Remuneration Committee

The FCA is consulting on a minor amendment to SYSC 19E.2.9R(1), which sets out the circumstances where a UCITS management company must appoint a remuneration committee. This will better align the wording of the SYSC rule with Article 14b(4) of the UCITS Directive, and it is now clear that a management company will be required to establish a remuneration committee only if it is significant in terms of all three relevant criteria:

  • its own size or size of the UCITS it manages;
  • the complexity of its internal organisation; and
  • the nature, scope and complexity of its activities.

Proposed Handbook changes resulting from the SFTR

Of relevance to this consultation are the SFTR requirements for managers of UCITS and AIFs to disclose their use of SFTs and total return swaps in the funds’ pre-contractual documents and periodic reports to investors. These requirements, in Article 13 and 14 of the SFTR, supplement existing disclosure requirements in COLL and FUND. In this CP the FCA proposes to copy out the relevant SFTR provisions into COLL and FUND to help firms comply with the new disclosure requirements. The SFTR contains other provisions which are directly applicable for managers of UCITS and AIFs but the FCA does not consider these in this CP.

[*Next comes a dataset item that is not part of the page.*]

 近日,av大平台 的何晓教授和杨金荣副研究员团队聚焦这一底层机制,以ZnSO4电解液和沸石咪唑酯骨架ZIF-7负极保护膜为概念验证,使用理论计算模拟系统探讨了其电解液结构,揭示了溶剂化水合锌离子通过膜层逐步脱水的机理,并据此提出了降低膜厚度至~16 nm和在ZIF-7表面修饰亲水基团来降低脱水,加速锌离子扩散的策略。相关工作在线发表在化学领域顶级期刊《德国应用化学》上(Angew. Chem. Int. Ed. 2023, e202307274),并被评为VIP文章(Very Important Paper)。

The requirement to disclose SFT information in the fund’s periodic reports to investors will apply from 13 January 2017. The requirement to disclose SFT information in the funds’ pre-contractual documents will apply from 13 July 2017 to managers of funds constituted before 12 January 2016, while managers of new funds constituted since 12 January 2016 should comply with the requirements from the point when the fund has been constituted. The FCA confirms its view that new funds include new sub-funds so a new sub-fund of an existing umbrella will not benefit from the transitional measure in the SFTR.

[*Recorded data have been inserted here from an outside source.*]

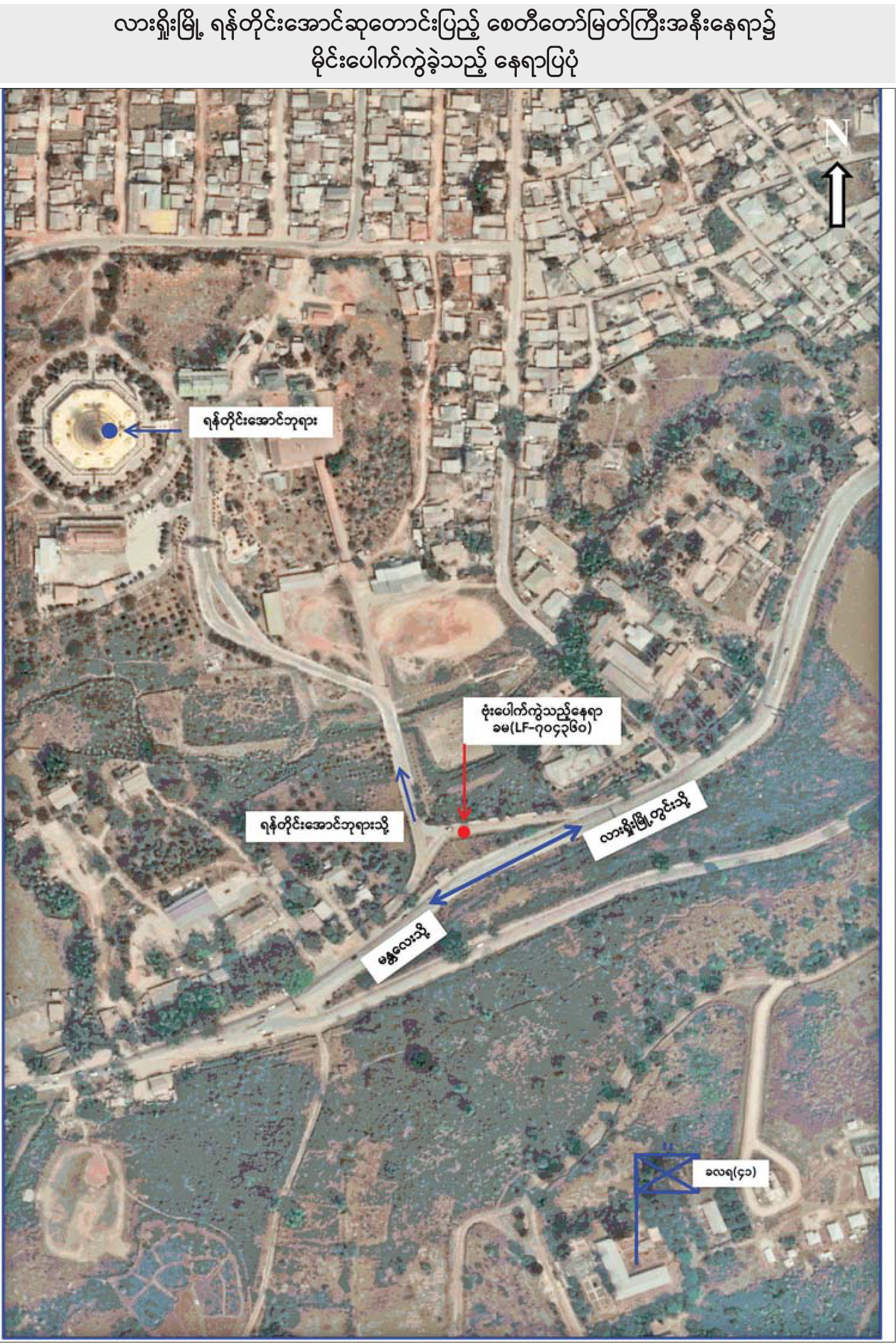 ရှမ်းပြည်နယ် (မြောက်ပိုင်း)လားရှိုးမြို့ ရပ်ကွက်(၁)၊ မြို့အဝင်မုခ်ဦးအနီး ရန်တိုင်းအောင်ဘုရား ဝင်းအရှေ့ပန်းခြံအနီးရှိ ကားများရပ်နားထားသည့်နေရာ၌ ယနေ့နံနက်ပိုင်းက PDF အမည်ခံအကြမ်း ဖက်သမားများက လက်လုပ်ဗုံးဖြင့် ဖောက်ခွဲတိုက်ခိုက်ခဲ့ကြောင်း သိရသည်။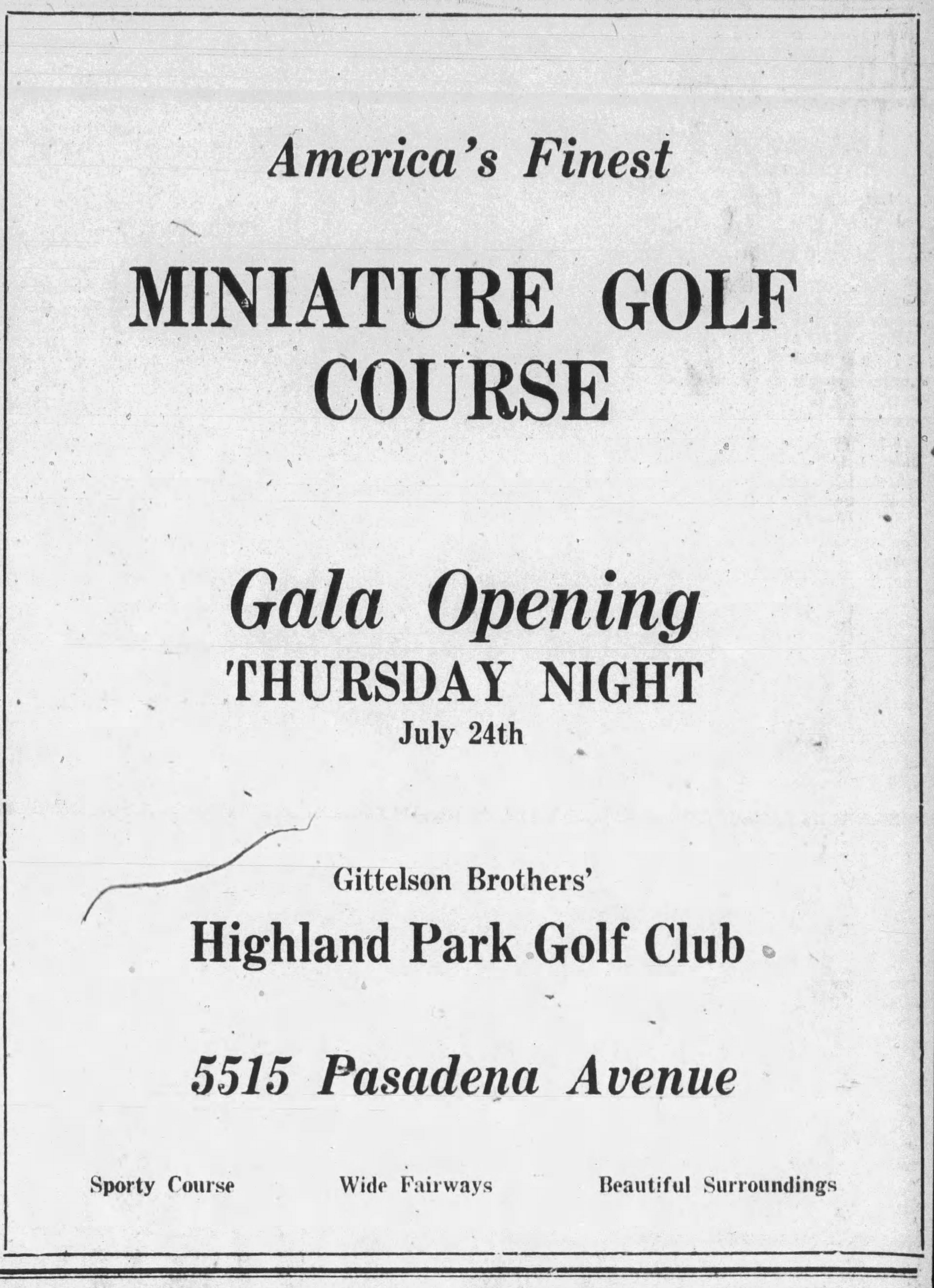 Organized by Sid Algier, a film director, it was meant to be the first in a chain of Eskimo Villages. The course was designed and built by H.C. Lydecker, a former art director and miniatures expert with the Tiffany-Stahl studio. It had an Alaskan theme with Hollywood studio snow, wrecked ships, totem poles, icebergs and igloos. It opened on the evening of August 7, 1930. Actress Alice White and her future husband, screenwriter Sidney “Sy” Bartlett, officiated.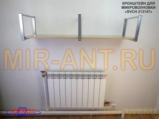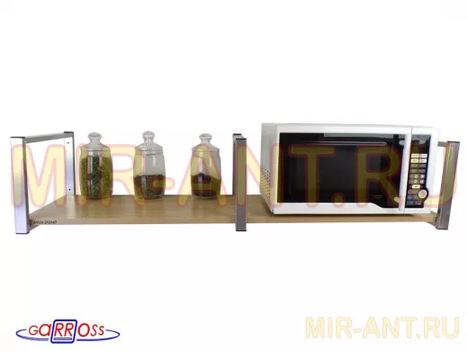 • Полка надежно крепится к стене при помощи анкеров или шурупов с дюбелями, на ней можно разместить микроволнрвую печь, кухонную технику, посуду, специи

The FCA’s proposed guidance seeks to clarify that since managers of NURS and QIS must issue a prospectus under COLL 4.2 or COLL 8.3, these managers should disclose the SFTR information in the prospectus instead of disclosing it in other pre-contractual documents. It believes that investors and managers will both benefit from having the SFTR disclosure alongside the other relevant information about the fund and the fund manager in the prospectus.

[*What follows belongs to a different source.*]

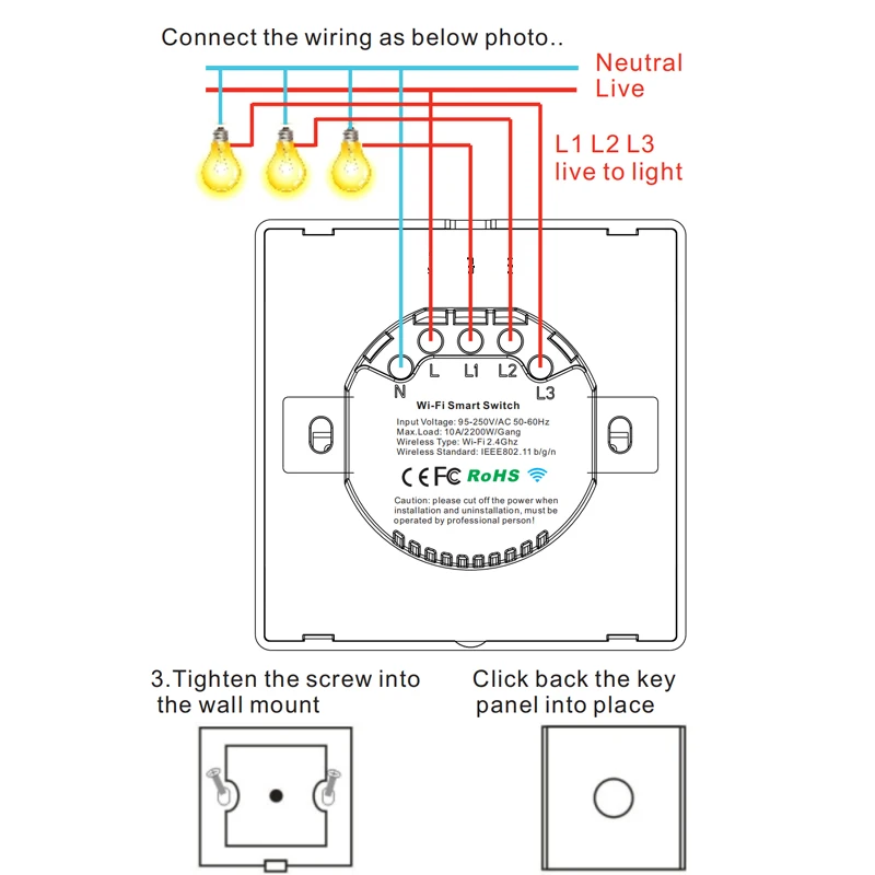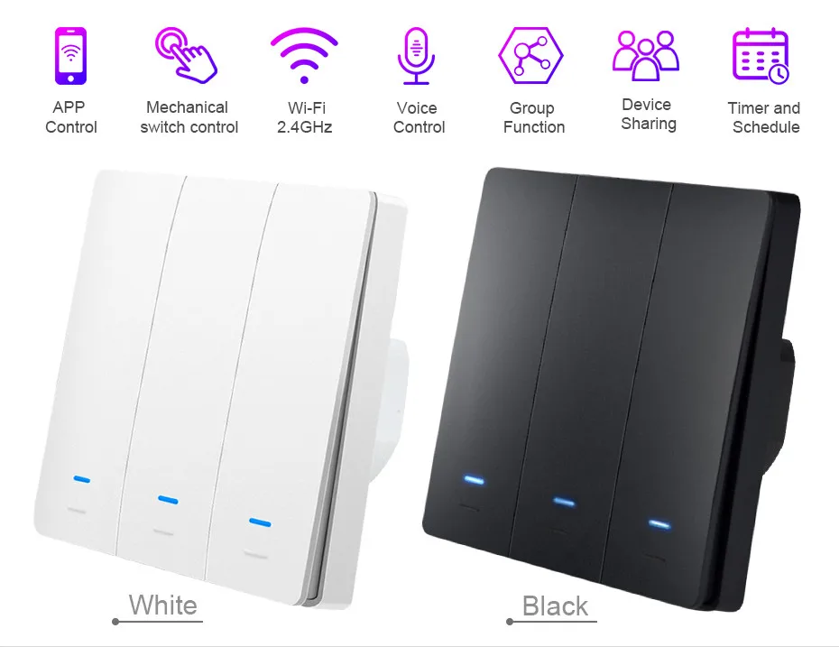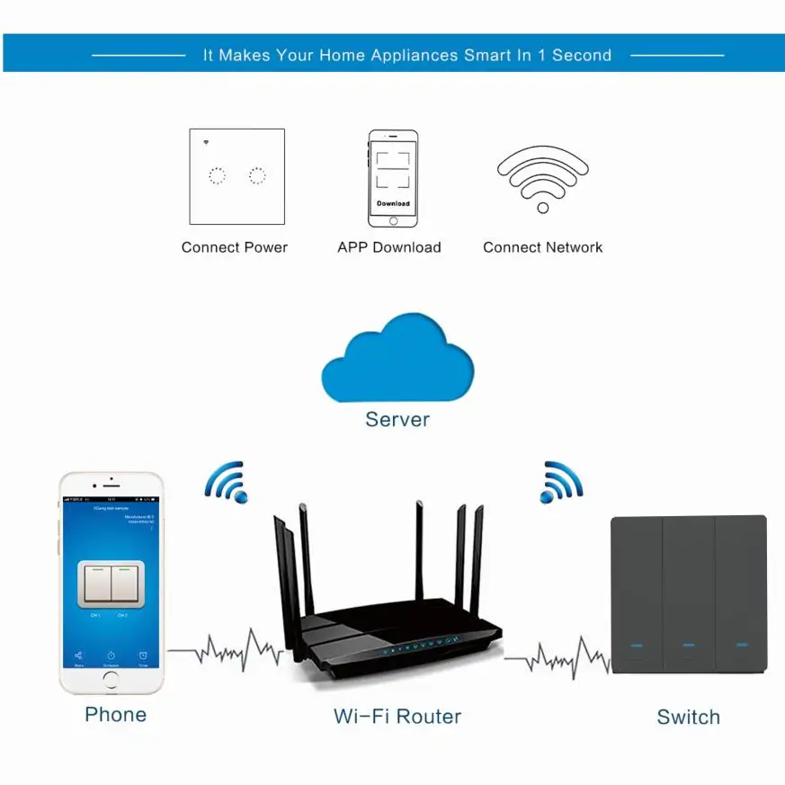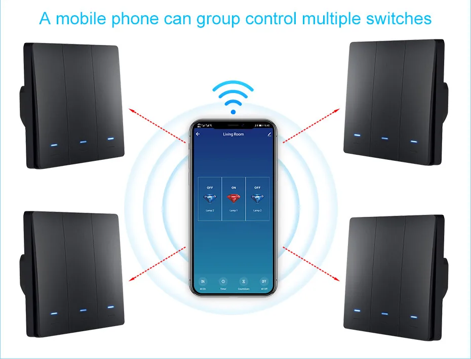 Ce commutateur de bouton wifi supporte la puissance maximale de 2200W, qui peut fonctionner avec la plupart des lumières et autres appareils électriques, se connecter à votre smartphone et contrôler vos appareils ménagers avec facilité.

The FCA also clarifies that firms which are not using, or which are not authorised to use, SFTs or total return swaps are not required to make any disclosures under Articles 13 and 14 of the SFTR.

Next Steps

Comments on the proposals are due by 19 July 2016. This period will allow the FCA time to finalise its rules and guidance before the UCITS Regulation takes effect on 13 October 2016. The FCA intends to publish a policy statement in the third quarter of 2016. It is also worth noting that this summer the FCA intends to publish a policy statement to Part III of CP 15/27 which covers “miscellaneous changes” to fund regulation, including changes that will have an impact on UCITS.